Maybe the signs will indicate when I'll be fast again. Oh, wait, I suppose I've got to apply some pressure to the pedals and watch those funny little numbers on that PowerTap go up and stay up. For months.
I'm riding, less training these days. That all begins May 1 provided the other things swirling around my personal ecosystem work their way towards resolution. And even with that, could affect my May 1 kickoff. But I swear to you that I still ache in a bad way when I am getting in my efforts now. True, deep bone and muscle ache...and not that sweet ache you get from cracking/tearing the muscles during the first few workouts, but the type that is like someone banging a garbage can with an Easton bat to get my attention...telling me that 'your shit's not right.' Couple of muscle sessions with the WB's guy should straighten me out.
The 29er parts are in! All shiney new 2008 XTR and Ritchey bits for the Ahrens. More mountain biking will make me a less surly man. The Signs indicate that less surly are needed and are soon to be had.
The frame arrived today! In all honestly, I am so focused on 'cross now, I do not know when I'll build this thing up! But knowing me, the impatience will grow and I'll pull the trigger next week. The Mavics should be here end of month as well. Maybe I'll strip down my other bike but the 2004 XTR on it is absolutely hazed. The good news is that putting the tape measure up to it shows that the dimensions are all consistent with my other favorite frames so I should be golden. The shaped Easton tubing on this is sick as well (note the top tube and downtube junctions near the head tube). Similar to my Easton Scandium Rock Lobster.

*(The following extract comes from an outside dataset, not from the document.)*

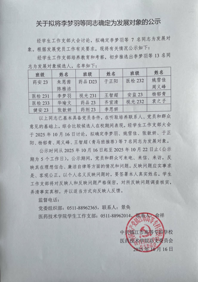 关于拟将李梦羽等同志确定为发展对象的公示

The beauty of Mike's work is in the CNC. He's got ProE dialed and is integrated with some great CNC manufacturers in the area. He can get from design to prototype to production in fewer cycles. Very cool. Anywhoo, some bike porn:
I love Mavic. In fact, with the exception of my FSA's, Mavic is all I use across every one of my my bikes, MTB, road and 'cross. I made a call to our good friend at Mavic and explained the 29'er project being worked on and he graciously said a pair of the allusive CrossMax 29'ers could be sourced to help out. Stoked! I run the 26" version of these for rim brakes on my 1 x 1 and love their performance. Stoke dto have a bigger version.

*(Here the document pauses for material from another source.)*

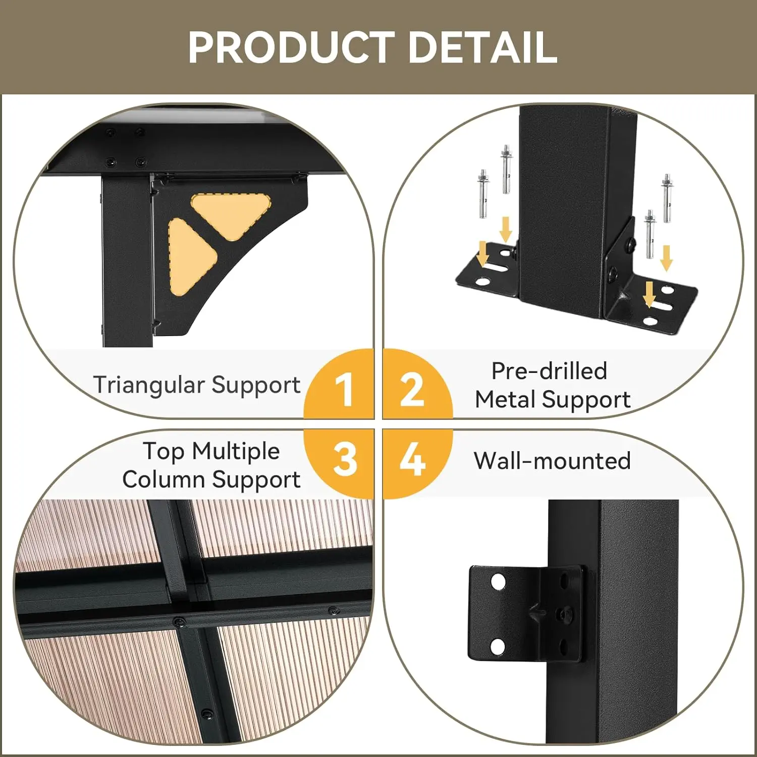 • Large Wall-Mounted Heavy Duty Awnings: Boasting a distinctive design infused with modern charm, this sloped-roof pergola enhances the visual appeal of any garden, courtyard, or outdoor space. The angled roof efficiently directs rainwater away, eliminating any concerns of water pooling, ensuring a dry and worry-free environment. 🌞

I believe these are Tubeless which is a concern of mine as I've never run native tubeless or Stans. Moving aside the tubeless versus tubed debate, can anyone recommend a set of Tubeless 29'er tires worth their salt? I run the Hutchinson Python tread (tubed version) on my MTB and think it's about a C+ or maybe B in terms of quality but woudl love something better. Suggestions? I need to check and see if these wheels can run tubed tires as an option. Not clear on this....
Photo by Guitar Ted.
The 29'er project is moving along. Miguel, as all great engineers and designers are, is obsessing over the fine points. Very PRO. I think I will be going with the Reba Air for this. I have both Fox and Rock Shox on my other bikes and do not have an issue with either company (making reference to the religious debate over Fox having shite bushings and Rock Shox being like a noodle). The Fox 29'er is still too tough to get as it is in an OEM deal only with Trek through 08 some time. Bunk.
I'm really looking forward to getting this dialed. Got to sell some stuff (any one want a L Moots YBB frame?? Let me know before I throw up on eBay.) Love that bike but its time for me to get on big wheels.